Jet Moto 2 received mixed reviews from critics. It held a 70.08% at GameRankings, a video game aggregator, based on 12 reviews. Like Jet Moto, the game's popularity would earn it a spot in the PlayStation Greatest Hits. Between the original version and the Greatest Hits Championship Edition, Jet Moto 2 sold over 800,000 copies.

Reviewers disagreed on many points about the game. While many praised the new variety of tracks offered, all four reviewers for Electronic Gaming Monthly complained that the tracks are frustratingly confusing and unfair, and Next Generation opined that the track design "is not nearly as impressive as the first, if only because it's more of the same." On the positive side, GameSpot stated that the variety of courses "take the Jet Moto series yet another step away from the traditional racer." Likewise, while IGN called the physics system "even more over-the-top" and was pleased that "The bike flies about everywhere," GameSpot considered the unexpected results of maneuvers and collisions to be a problem.

Though most critics, even in the more negative reviews for the game, cited improved graphics over the original, Next Generation commented that "what's most distressing is that the graphics haven't been improved. ... Had Singletrac succeeded in making Jet Moto 2 a brand new game with a look to reflect the year between titles, it would've deserved a higher score. As it is, it's just more of the same, with less innovation." A number of critics also found that it is easy to get disoriented and lose track of where the edges of the course are.

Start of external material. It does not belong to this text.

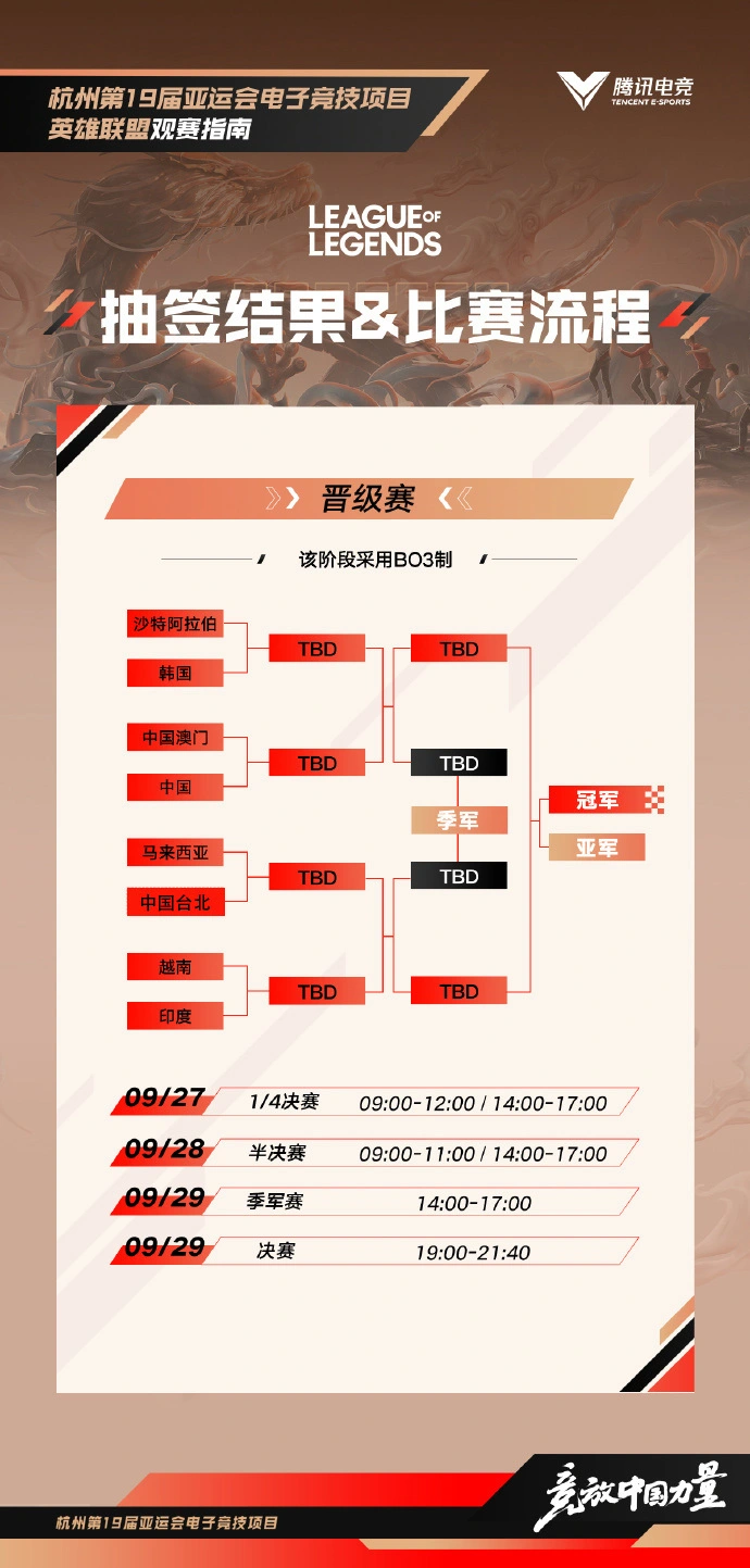 北京时间9月26日,杭州亚运会电子竞技好汉同盟项目小组赛全部竣事,八强镌汰赛阶段名额已经全部产生。 八强名额:沙特阿拉伯、韩国、中国澳门、中国、马来西亚、中国台北、越南、印度。 9月27日将举行八强镌汰赛,上午9点同时举行两场比赛。分别是韩国代表队对阵沙特阿拉伯代表队;中国代表队对阵中国澳门代表队。 9月27日下战书14点也将同时举行两场比赛。分别是马来西亚代表队对阵中国台北代表队;越南代表队对阵印度代表队。 9月27日上午9点,将是电子竞技好汉同盟项目中国代表队正式首秀登场,届时让我们为中国代表队加油助势,祝愿他们比赛得胜取得佳绩! 杭州亚运会电子竞技好汉同盟项目比赛,将从9月28日半决赛举行转播。 |

Overall opinions also varied to an extent. Contrary to Next Generation, GamePro concluded that while Jet Moto 2 is flawed, it has enough novel features over its predecessor to be worth buying. GameSpot deemed it not quite as good as the original, but still a worthy follow-up. Game Revolution was enthusiastic about the game's play control, though they found the split screen makes the two-player mode too difficult to enjoy. On the more negative end, all four Electronic Gaming Monthly reviewers gave it a 6/10 or lower, with Dan Hsu remarking, "It can't be a good thing when, while playing this game, all I can think of are ways to improve it." IGN praised the bike design and challenging A.I., but felt the game was not unique enough from the original, calling it "Jet Moto 1.5".

Aggregate score
| Aggregator | Score |
|---|---|
| GameRankings | 70% |

Review scores
| Publication | Score |
|---|---|
| Electronic Gaming Monthly | 5.9/10 |
| GameRevolution | B |
| GameSpot | 8.1/10 |
| IGN | 7/10 |
| Next Generation | 3/5 |
| Official U.S. PlayStation Magazine | 3.5/5 |
| Electric Playground | 5/10 |

==Legacy==
Jet Moto 2 was the last game developed by SingleTrac for publisher Sony Computer Entertainment, as they would later be acquired by GT Interactive. Pacific Coast Power & Light developed Jet Moto 3, with 989 Studios publishing the third title. Jet Moto 3 was released August 31, 1999 exclusively in North America. To date it is the last title in the series to be released. Two other titles were cancelled during their development. Pacific Coast Power & Light was also developing Jet Moto 2124 for the PlayStation, set over a century after the first three games, however the game was cancelled when Jet Moto 3 showed poor sales. Jet Moto: SOLAR, developed by RedZone Interactive, was also cancelled. SOLAR would have been the first title in the series to appear on the PlayStation 2.